Yes, you can run a hypothesis test to essentially "validate" that both test
and train
data from the "the same distribution". To do so, you could implement a hypothesis test that sets:
H_0: Train and test data come from the same distribution
H_1: Train and test data come do not come from the same distribution
To do so, you don't need to necessarily make assumptions about the shape of the data (e.g. that it comes from a Gaussian distribution), just pick a test appropriate for the type of data you're dealing with (categorical, numeric continuous, numeric discrete, etc). For example, you could apply the Kolmogorov–Smirnov test or the Kruskal–Wallis test (both are implemented in scipy.stats
, e.g. the scipy.stats.kstest
). I wouldn't recommend the Z-test (or the t-test in fact), as all it's usually used to compare whether the means of two samples are the same, not that they come from the same distributions necessarily.
It should be noted that although you mention test
and train
data as if you're comparing them on a single dimension, if you have multiple features/columns, each pair of columns should be compared separately.
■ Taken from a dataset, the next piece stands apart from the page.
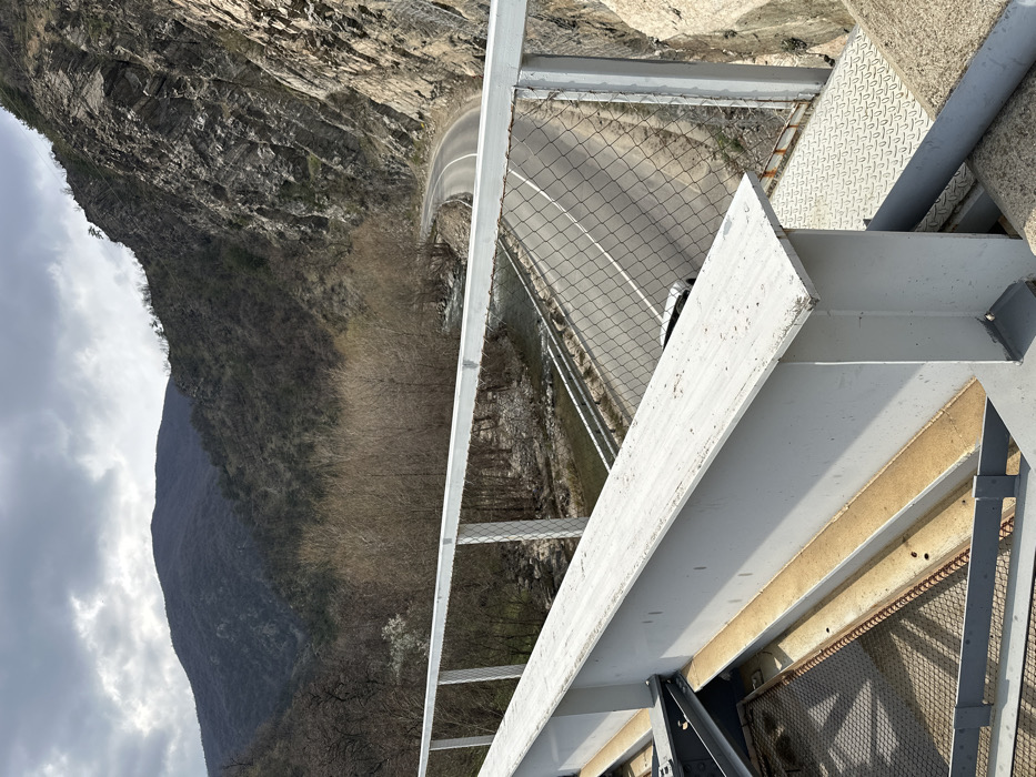 The scene depicts a mountainous valley located in the city of Vetren Dol, Bulgaria, viewed from an elevated perspective, likely from a bridge or structural platform. In the immediate foreground, a light gray metal I-beam girder is prominent, forming part of a structural element, with additional metal grating and support beams visible below it. A light gray metal railing with a chain-link fence section extends across the mid-foreground, serving as a barrier. Below the railing, an asphalt road with a solid white center line curves through the valley, following the base of a steep, rocky mountain face on the right. A metal guardrail runs along the road's edge. A river or stream flows along the valley floor to the left of the road, bordered by dry, deciduous trees and shrubs, some displaying sparse green foliage and white blossoms. The background features rugged mountains: a steep, geologically stratified rock face on the right, and tree-covered peaks in the distance to the left. The sky above is overcast with visible cloud cover. No individuals or active subjects are present within the visible area.
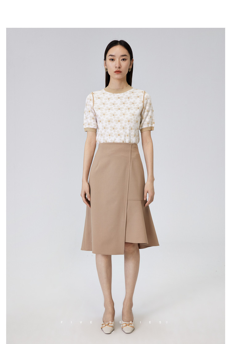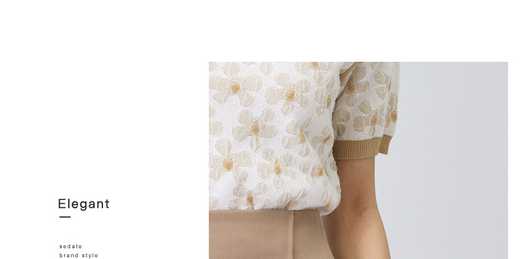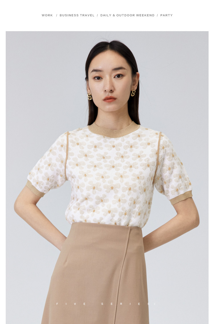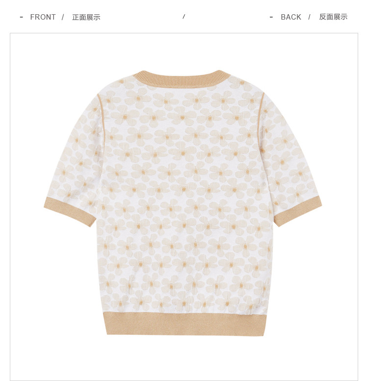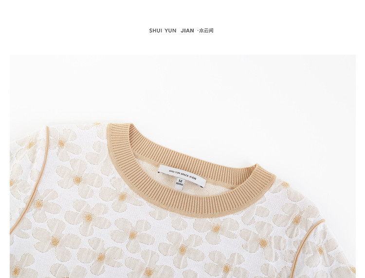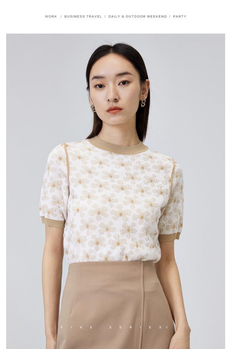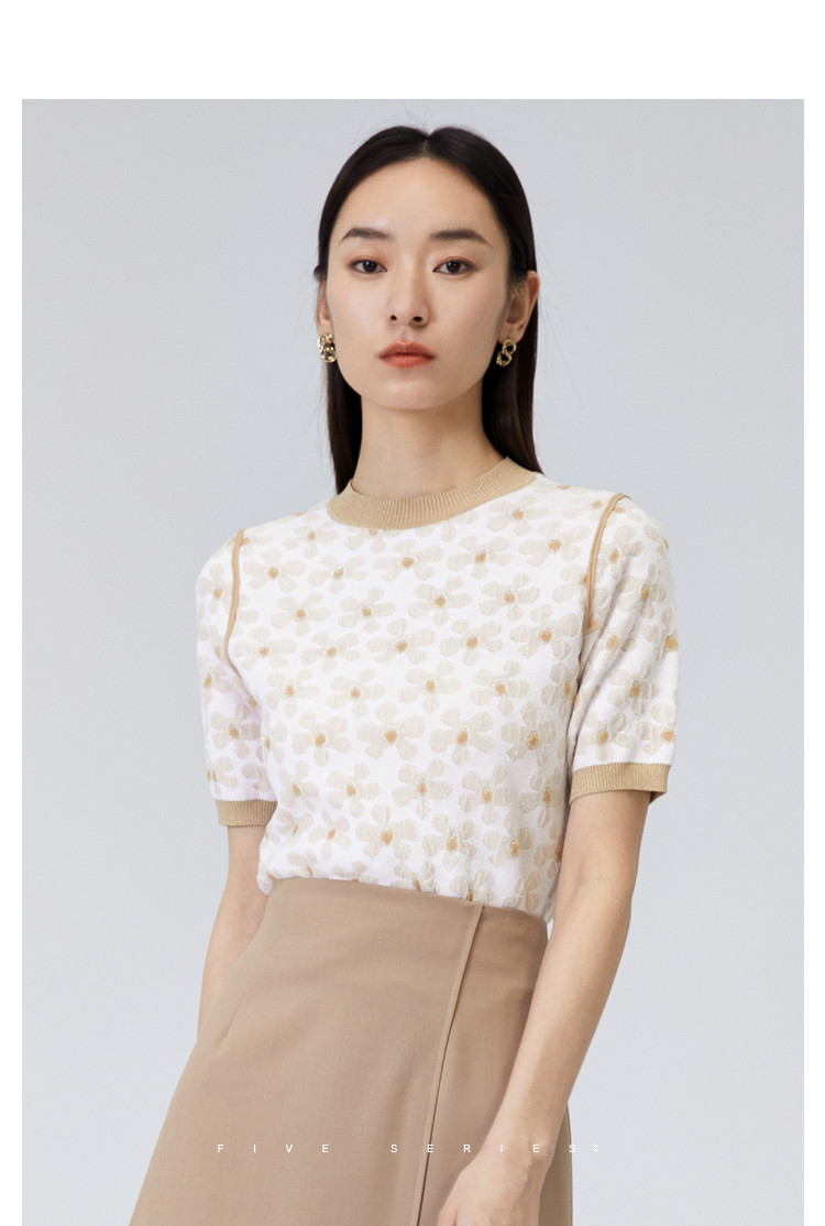 商品名称:圆领短袖T恤女夏款设计感百搭时尚薄针织衫女淑女气质花朵上衣女 159811

As a real life example, a subset of students selected "presumably randomly" from a school could have the same height (or come from "the same distribution of heights") as the rest of the students, but they could have completely different grades from them.
Finally, just to note that in formal hypothesis testing language you cannot "accept" a null hypothesis, but only "fail to reject it" (see here on Crossvalidated).